Griscelli Syndrome Type 2: A Rare Case With Apparently Normal Skin and Hair Pigmentation

Ahmad Bahrami; Alireza Nateghian; Shima Salehi; Gholamreza Bahoush; Saeed Talebi; Saeide Ghasemi; Sepideh Razi; Nima Rezaei

doi:10.18502/acta.v58i1.3706

Ahmad Bahrami
Alireza Nateghian
Shima Salehi
Gholamreza Bahoush
Saeed Talebi
Saeide Ghasemi
Sepideh Razi
Nima Rezaei

DOI: https://doi.org/10.18502/acta.v58i1.3706

Keywords: Griscelli syndrome; Pigmentation disorder; Immunodeficiency; Hemophagocytic lymphohistiocytosis

Abstract

t- Griscelli syndrome (GS) is a rare autosomal recessive disease that affects hair, skin, and immune system. Here, we describe an 8.5-month-old infant with multiple admissions due to fever, petechial purpura, and several recurrent vomiting episodes with a presumptive diagnosis of recurrent sepsis. He was born from parents with consanguineous marriage.

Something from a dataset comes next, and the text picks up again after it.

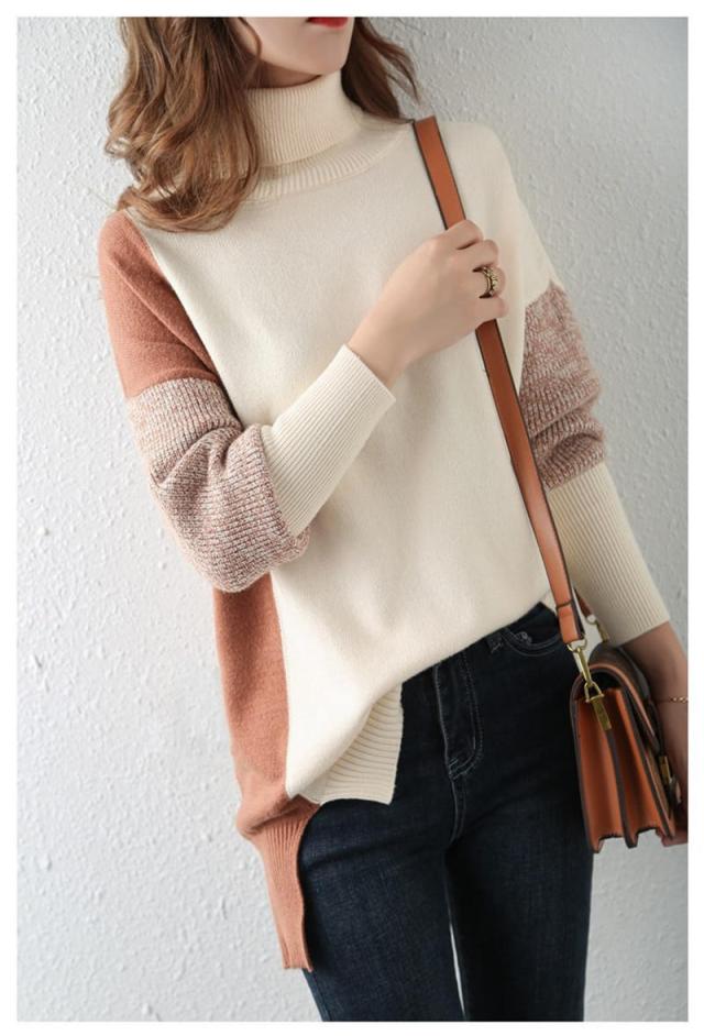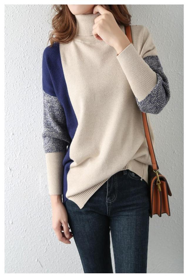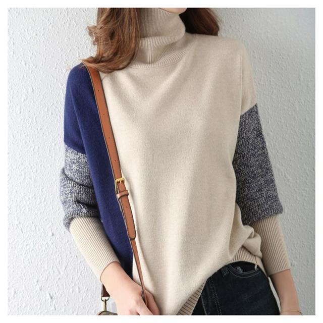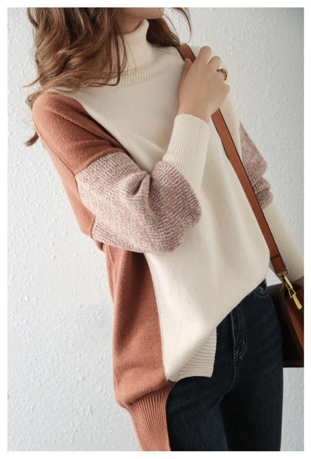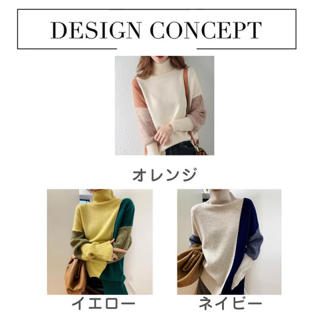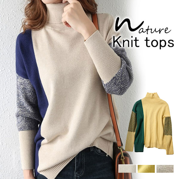 ニット トップス レディース 40代 切り替え オフタートル カットソー 長袖 シンプル セーター 秋新作 インナー ゆったり 大人 カジュアル
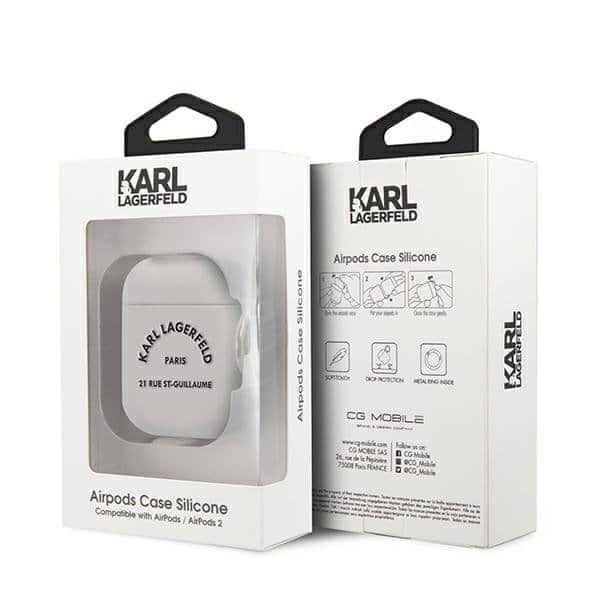 Minőségi AirPods tartó Karl Lagerfeld divattervező feliratával. A tok védi az AirPods eszközünket a mindennapi külső behatásoktól, karcolásoktól.

The initial examinations revealed huge splenomegaly and hepatomegaly without any source of infection. Laboratory tests revealed a hemophagocytic lymphohistiocytosis (HLH) like a picture with a high blood level of ferritin in all episodes, but the bone marrow test result was normal. Although he had normal hair and skin pigmentation on physical examination, the accumulation of melanosomes was found in his hair shafts on microscopic investigations. Eventually, a genetic test revealed a mutation in the RAB27A gene, which confirmed GS-II diagnosis. Our case is the first case of GS-II from Iran without any apparent clinical features of GS, such as hypopigmented skin and silvery-gray hair. Therefore, a genetic test, together with the microscopic examination of hair and skin, is necessary for the diagnosis and confirmation of GS-II. Since GS-II is an autosomal recessive disorder and consanguineous marriages are popular in Iran, premarital genetic counseling is recommended for this region.